"""

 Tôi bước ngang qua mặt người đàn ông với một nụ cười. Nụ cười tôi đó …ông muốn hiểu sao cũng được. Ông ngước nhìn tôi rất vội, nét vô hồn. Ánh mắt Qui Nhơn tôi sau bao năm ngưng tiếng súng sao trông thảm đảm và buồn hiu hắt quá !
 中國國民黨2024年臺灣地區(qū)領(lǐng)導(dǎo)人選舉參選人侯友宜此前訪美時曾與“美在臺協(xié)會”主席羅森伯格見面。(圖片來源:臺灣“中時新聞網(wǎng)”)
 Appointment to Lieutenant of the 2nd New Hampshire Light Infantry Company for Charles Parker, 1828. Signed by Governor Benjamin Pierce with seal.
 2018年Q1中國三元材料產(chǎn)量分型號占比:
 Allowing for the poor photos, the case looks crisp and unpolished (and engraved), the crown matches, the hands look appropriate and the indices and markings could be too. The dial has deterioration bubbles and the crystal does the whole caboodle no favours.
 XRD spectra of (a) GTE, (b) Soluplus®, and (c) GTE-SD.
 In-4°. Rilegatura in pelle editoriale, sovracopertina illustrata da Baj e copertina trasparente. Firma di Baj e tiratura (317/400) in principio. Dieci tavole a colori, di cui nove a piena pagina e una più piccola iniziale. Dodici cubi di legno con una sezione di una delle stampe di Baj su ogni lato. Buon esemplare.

"""
"""

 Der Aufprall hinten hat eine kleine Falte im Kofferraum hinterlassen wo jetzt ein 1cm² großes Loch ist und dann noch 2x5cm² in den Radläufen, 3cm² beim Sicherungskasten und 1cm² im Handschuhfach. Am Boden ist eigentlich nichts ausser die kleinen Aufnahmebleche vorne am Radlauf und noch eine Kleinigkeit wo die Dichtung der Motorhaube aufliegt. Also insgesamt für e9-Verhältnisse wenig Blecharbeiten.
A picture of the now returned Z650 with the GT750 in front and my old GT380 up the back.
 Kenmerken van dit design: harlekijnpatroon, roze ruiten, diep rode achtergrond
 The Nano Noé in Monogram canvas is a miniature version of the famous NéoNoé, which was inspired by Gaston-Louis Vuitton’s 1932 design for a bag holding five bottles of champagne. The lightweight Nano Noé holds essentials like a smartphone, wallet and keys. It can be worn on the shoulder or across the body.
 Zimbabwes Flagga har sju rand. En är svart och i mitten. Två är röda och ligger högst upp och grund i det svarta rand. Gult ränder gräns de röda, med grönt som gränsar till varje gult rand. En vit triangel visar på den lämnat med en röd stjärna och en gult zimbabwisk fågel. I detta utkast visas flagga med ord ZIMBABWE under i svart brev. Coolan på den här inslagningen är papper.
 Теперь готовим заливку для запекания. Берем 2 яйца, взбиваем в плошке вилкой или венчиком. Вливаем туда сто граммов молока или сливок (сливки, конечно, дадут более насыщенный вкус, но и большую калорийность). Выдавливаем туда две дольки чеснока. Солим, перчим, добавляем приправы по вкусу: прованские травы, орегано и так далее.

"""

TASK INSTRUCTIONS |
Using the entries, count how many lines contain the string "with". Write only the number.

RESULT BELOW |
2